First we hiked into the jungle with the young men and machetes to harvest sticks. Then we cut off the bark, dried them in the sun, cut and sanded the sticks. When the sticks were ready to paint people of all ages from toddlers to great grandparents gathered in the Maloka. Many said it was their first time ever paining, yet everyone began immediately and continued painting for hours with pure focus. In some places people ask me what to paint. Here no one did. They tuned in to the icaros, plants and animals that their tribe has known for generations and brought the sticks to vibrant life.
I hope you feel the Allegria “Joy” and Buena Medicina “good medicine” of these sticks made with so much love and life force.
We also made sticks that we harvested and carved with my friend Fernando, from his family land and gave to a Shipibo man who does magical wood burning and carving of the animals and plants from his visions with ayahuasca.
Process of making sticks
Peace Sticks made in Bali, Indonesia
After an Ubud Sunday Ecstatic Dance a smiling elder woman came up to me and introduced herself as Atta. We connected and I told her about our vision to make Peace Sticks with the local people on Bali. She told me she had been living here and creating art with the community for over 40 years, and that she is close friends with a wonderful artist family. She took me to meet them and we had an instant connection.I met the whole family from babies to grandparents, all living in their balinese style family house area. I was amazed at their humble, genuine and kind nature, and the art they create has the same energy. We are now in our third year of making sticks together.

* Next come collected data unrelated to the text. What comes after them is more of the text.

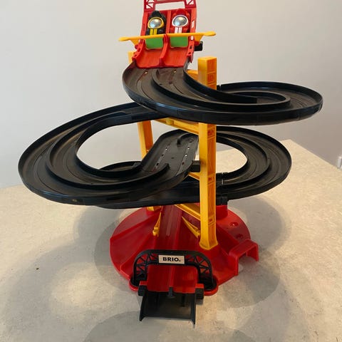 Parkeringsgarage med helekopterlandeplats, två bilar och en helekoptar.
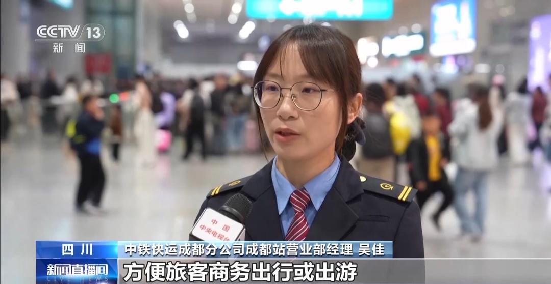 中铁快运成都分公司成都站营业部经理 吴佳:我们会在取件后5小时内送达指定位置,方便旅客商务出行或出游,目前我们的服务范围在距离车站35公里范围内。
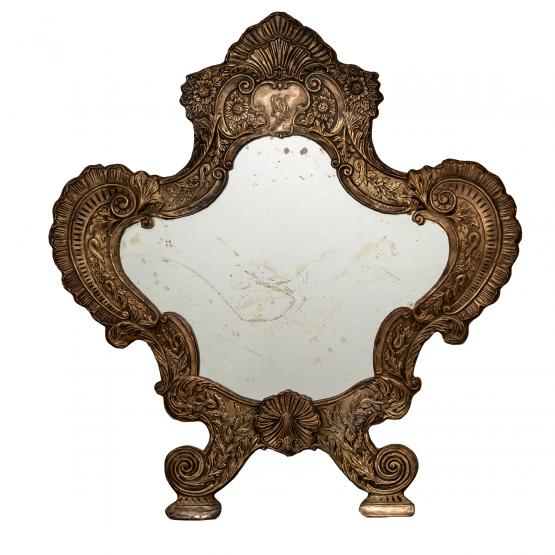CORNICE a pagnotta in legno dorato, argento e mistura.
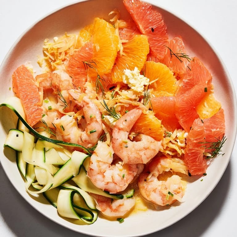 Save The first time I arranged shrimp and citrus on a platter, I wasn't thinking about dinner—I was thinking about my daughter's aquarium project, how she'd spent weeks sketching coral formations. Something clicked when I realized food could tell that same story of color and life. This dish emerged from that moment, a playful translation of the ocean onto a plate, where tender shrimp nestle among bright citrus like fish darting through a reef.
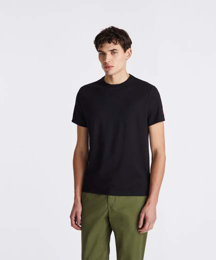 T-shirt in piquet stretch di cotone e seta, tinto in pezza, con logo ricamato sulla manica sinistra. Realizzata in un tessuto morbido, leggero e traspirante, è ideale per affrontare per la bella stagione con stile e comfort. Un modello versatile e moderno, perfetto come base per ogni guardaroba estivo, grazie alle sue infinite possibilità di abbinamento, per uno stile sempre impeccabile.

This year they were not able to start for 3 weeks or so because they were in special Balinese ceremonies. They’re whole family was involved and they showed us the bearuitul dragon art made from coconut leaves. After making the sticks they tie them together using a special Balinese blessing bracelet that you can wear. They also do a ceremonial blessing of love and peace on all the sticks.
Peace Sticks made in Sumatra, Indonesia
I set out one day with a bag of Peace Sticks to use as models and the intention to connect with someone who would make Peace Sticks in this small primarily Muslim town. I went to a special place to buy jungle honey. I met a man named Amir, with a Kind smile who spoke surprisingly good English, as almost everyone here speaks only Indonesian and Lampun, the local dialect. I asked him what he did and he said he did gardening and art. I showed him the sticks and taught him how to play. Then I asked if he would like to make some. He said he had a carpenter friend and that he could do painting and wood burning. I asked him to make 50 sticks, yet over the few weeks he only made about 15, yet each one was made with amazing intricacy and patterns from various indigenous Indonesia Tribes.
This year we are starting earlier and he is making beautiful sticks, many using arabic calligraphy and spiritual teachings from Islam. I love his art because he puts so much care into each sticks and everyone is unique. He said he often spends one day making each stick.